Newspaper has two more advantages I could utilize – it extracts a set of keywords from the article (which means I can use more than just the title), and does some clever NLP to summarize the article (with differing results, unfortunately some stories end up as a jumbled mess).
My first iteration did everything from scratch and used PHP, but in the second iteration I moved on to Python for the input side (although the front-end of the application is still pure PHP). I ended up with far fewer lines of code and yet more functionality – this really felt like finding the holy grail!
My new solution is a greatly enhanced version of the first one. Where I started out with simply a HN-like list of headlines and sources with keywords extracted from the headline, the system now works with an enhanced set of keywords from the entire article. I can browse by keywords (or combinations thereof), and I can see the trending keywords for the past couple of hours, days or weeks. I also have an article view (I had that before, but with only the cleaned text of the article) with an introductory blurb based on the NLP function of Newspaper.
Unfortunately, after running my new version for a little while I realized it still wasn’t at the level I wanted it to be. For one, the NLP summaries of articles were unreliable and at times nonsensical. That reduces its value drastically, and I suppose using the simple blurbs given in RSS feeds could probably be a better choice. I’ll be giving that a shot in the third version.
Now for the keywords – simply extracting keywords from the article does not seem good enough for my purposes. It turns out that the “trending keywords” at any given time is dominated by various versions of “Trump”. I need to handle aliases, but also somehow identify some descriptive information about the keyword. I’m not sure if I can manage to identify the subject and object of sentences or headlines (given that the keywords are already extracted by the time I get to them, but also the fact that I wouldn’t know where to start with such a task), but something I could do is to handle it manually and build the dataset over time. For instance I could set up classifications such as verb / adjective / subject, where I lump subjects and objects together since I can’t really get the context.

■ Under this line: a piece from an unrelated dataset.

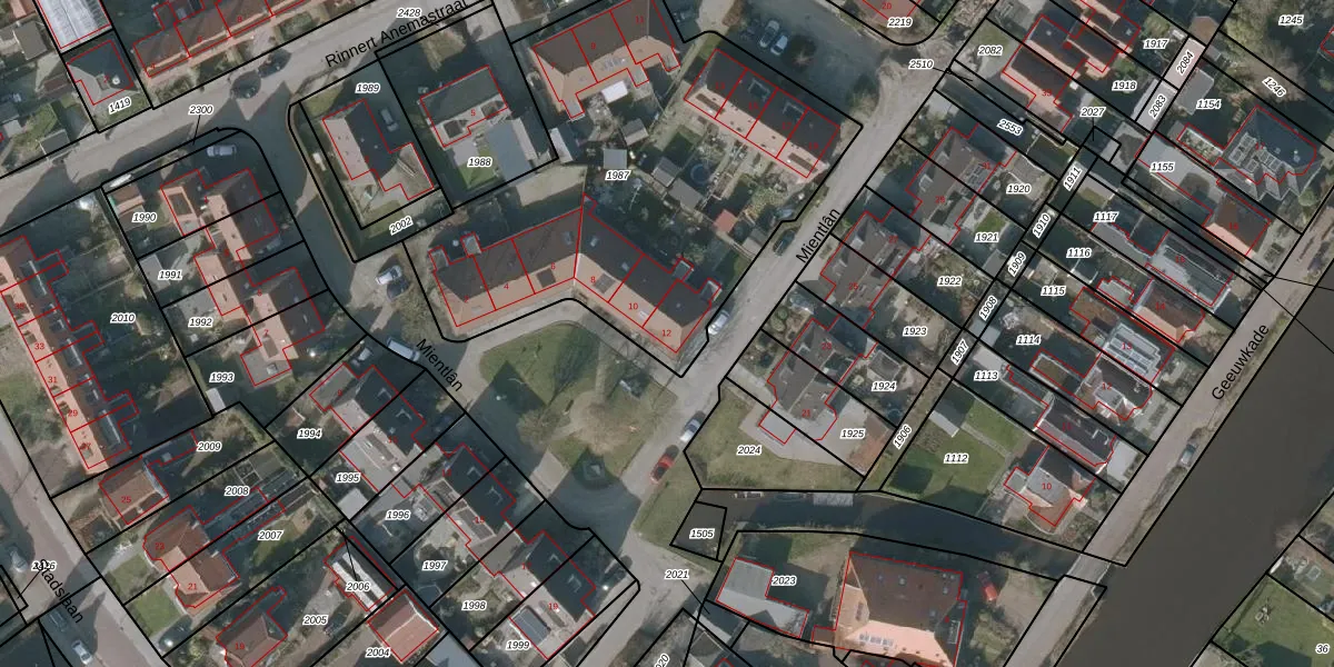 Het perceel waarop Mientlân 12 staat heeft een oppervlakte van 2119 m². Dit is een zeer groot perceel. De perceeloppervlakte wordt geregistreerd door het Kadaster. Gedetailleerde informatie over de maten van dit perceel kunt u vinden in het rapport Kadastrale kaart met maatvoering van Mientlân 12.

My application has advanced quite a bit since its inception, but I still keep finding things to improve. As I start working on the third iteration, I’m hoping it will turn out to be ready for real use.
Today I’m going to share the story of how I helped make my organisation more data driven in their decision making.

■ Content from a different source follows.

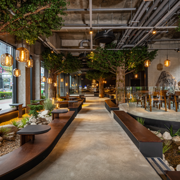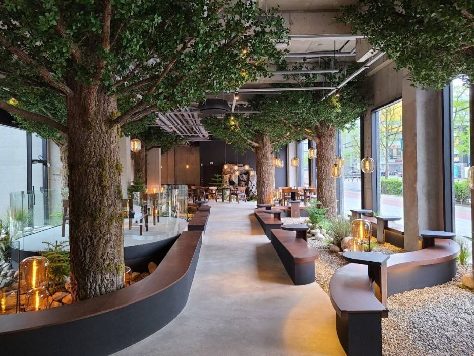 카페 어나더사이드는 굽네치킨 브랜드가 새롭게 론칭한 지앤푸드에서 만들어진 카페이다. 어나더사이드는 따뜻한 인테리어와 넓은 공간이 특징인 곳으로 방문객들에게 편안한 분위기를 제공한다. 시그니처 라떼와 딸기 라떼, 뱅쇼 등 계절 음료가 인기이며 어나더사이드만의 시그니처 메뉴인 숙성라떼는 방문객들 사이에서 인기이다. 브런치 메뉴도 제공되어 있어 보다 더 다양하게 메뉴를 즐길 수 있는 것이 특징이다. 도심 속 휴양지를 컨셉으로 한 공간 답게 숲속에 들어온 듯한 느낌을 주는 인테리어가 인상적이며 여름철에는 빙수메뉴도 판매하고 있어 계절에 알맞는 메뉴를 즐길 수 있다.

I joined the company, an NGO focused on child sponsorship, in 2014. For the past couple of years they’d had trouble finding people competent in SQL and data management, and there was a huge backlog of reports and extracts waiting to be done. We had a decent amount of information available in our CMS (customer management system) – the business had been running since 1997, which means there was 20 years of data available (of variable quality, but enough to extrapolate some patterns). The historic data had been used occasionally for analyses by external companies, but we didn’t use it for anything internally. Old data was mostly left to rot.
Starting up – external analysis
When I was recruited into the job it was primarily to support the CRM team as a technical resource and system owner. There was also a demand for someone who could understand the data structures behind our systems, and could extract the required data for external consultancies who would help us do analyses and find patterns in customer behavior.

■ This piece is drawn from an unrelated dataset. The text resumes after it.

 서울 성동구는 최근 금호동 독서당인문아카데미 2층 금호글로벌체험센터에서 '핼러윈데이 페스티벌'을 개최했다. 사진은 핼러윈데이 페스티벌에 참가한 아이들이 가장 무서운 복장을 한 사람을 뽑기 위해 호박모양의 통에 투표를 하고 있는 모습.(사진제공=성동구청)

The goal of the initial project was to identify customers who are likely to quit, or churn (as is the CRM term). The team had already decided on a bunch of metrics they thought could affect this, such as e.g. the number of unpaid invoices and how long it had been since we got in touch with them. Identifying and extracting all this information was my task, and it was an ideal way to get to know the data structures I had to deal with (our application’s database was not exactly ACID compliant, and had a steep learning curve).
I built a staging database to contain all the calculated values, and stored it all in one huge, flat table that was populated one column at the time. When it was time for our consultants to do their data crunching, we could simply send them an extract of the complete table. Any tweaks or new fields that came up as requirements along the way could be done quickly and implemented with a quick rebuild.
We finally got our results and ended this project, leaving the staging database dead for now. We got the rules we needed to predict who was 50% more likely to churn and added the relevant measures in our customer handling procedures. This was certainly a step in the right direction.
Building on what I learned
After completing the analysis project we started exploring the idea of a permanent staging database, or a data warehouse. This could surely make a ton of information much more accessible to the organisation, and could take us in a more data-driven direction. In addition, we could move our CRM tool to use the staging database as a data source rather than the live system, simplifying the logic we needed in the tool and most importantly reducing the load on a live system (we had cases where employees were unable to update data in the system because of blockage from heavy queries in the CRM tool).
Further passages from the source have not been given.